Saturday night, 11pm, and we are sitting in a carpark. Not the plan. But after an earthquake in Canada, Hawaii went on Tsunami alert and we were evacuated from our accomodation at 9pm. We loading up the rental car with gear and bikes and headed for higher ground. A bizzare and surreal experience and not the ideal race prep as we finally got to bed at 2am ahead of our 9am start. Olly still managed to win an age-group world title and beat me home so won't be using this as an excuse!
 
 
Race morning and the swim was pretty rough. I was prepared for a duathlon, so post tsunami it was almost a surprise we swam. Some unsettled water movements made for a very testing swim which really showed the strongest swimmers. Case in point Javier Gomez who made the other pro's look like rookies coming out in 19min while no one else broke 20 (including numerous ITU pro's). Phenomenal.
 

 Midpoint of the swim and I emerge amongst a few pro women and some faster age-groupers having already caught us. Not quite going to plan, but then again it wasn't a normal day!
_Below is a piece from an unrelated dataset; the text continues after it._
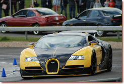 The Lamborghini displays, mainly around the historic aircraft on the opposite side of the clubhouse, were also very large and varied, with predominantly modern examples in a variety of lurid colours including an orange with gold accents Aventador LP760-4 by Oakley design. There were also a selection of earlier models, including a pair of Silhouettes, an Urraco, Countachs and an Islero S. Maserati was also well represented again by mainly modern variants of the marque, and finished in more sombre hues than their compatriots from Sant’Agata. Fronting the clubhouse in the main paddock area was the Barkaways Ferrari display, which featured a current restoration project of a Ferrari 275 GTB as a bare chassis/body unit. Amongst the cars in and around the paddock area were a pair of Ferrari 458 Speciale Apertas, one in metallic yellow and the other in metallic red, a LaFerrari also in metallic red, Alfa Romeo 4C and 8C plus a classic 1900 SS Coupe,  a De Tomaso Panera and a very rare Moretti 850 Coupe, to name but a few. There were also some non Italian “interlopers”, including a Ford GT, a McLaren, a Noble and a wild Bugatti Veyron finished in bare black carbon fibre and yellow by Oakley Design, which was also run on the test track. This car featured in the May 2016 edition of the magazine, and was excused for its inclusion as non Italian, on the basis that Ettore Bugatti was born in Italy and that the Bugatti EB110s were built in Modena, actually Campogalliano, during the late eighties and early nineties. Sounds like a good enough reason to include a unique bespoke supercar with so much presence.
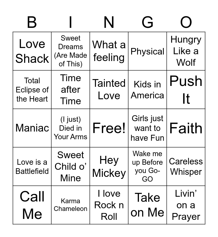 This bingo card has a free space and 53 words: Eye of the Tiger, Livin’ on a Prayer, Every Breath you Take, Take on Me, Sweet Child o’ Mine, Don’t you (Forget about me), Sweet Dreams (Are Made of This), Another One Bite the Dust, Total Eclipse of the Heart, Come on Eileen, Time after Time, I wanna Dance with Somebody, Careless Whisper, Wake me up Before you Go-GO, Don’t you want me, Call Me, Tainted Love, Girls just want to have Fun, Jump, Hungry Like a Wolf, (I just) Died in Your Arms, When a Doves Cry, Kids in America, Love Shack, Jessie’s Girl, Karma Chameleon, You Spin Me Round, Jake and Diane, Pour Some Sugar on Me, Push It, Like a Prayer, Crazy little Thing Called Love, Addicted to Love, Here I go Again, Should I stay or Should I go, In the air tonight, Physical, I love Rock n Roll, What a feeling, Billie Jean, What’s Love Got to Do With it, It’s Still rock and Rock to me, Faith, Straight Up, Every Rose Has its Thorn, Hey Mickey, I want to know what love is, Who can it be now, Maniac, Love is a Battlefield, Under Pressure, 8675309 Jenny and Fight for Your Right.

Early in the bike, digging deep, and hoping that my "race legs" will re-appear any moment soon!


Last 500m and in typical XTERRA style they throw a deep sand beach at you. Kahuna, Janet and the rest of Team Unlimited could be accused of many things..... but making it easy isn't one of them. Theres a reason the medal you are given at the finish line reads "survivor"
 

1 comment:

Anonymous said...

actually stalked you using the athlete tracker when i saw your name on the start list haha. i am hoping to go next year, bike looked pretty tough though!
well done, amen on the "not result but performance" thing, finding this very difficult to explain to friends since itu worlds in auckland where i had a shitty day.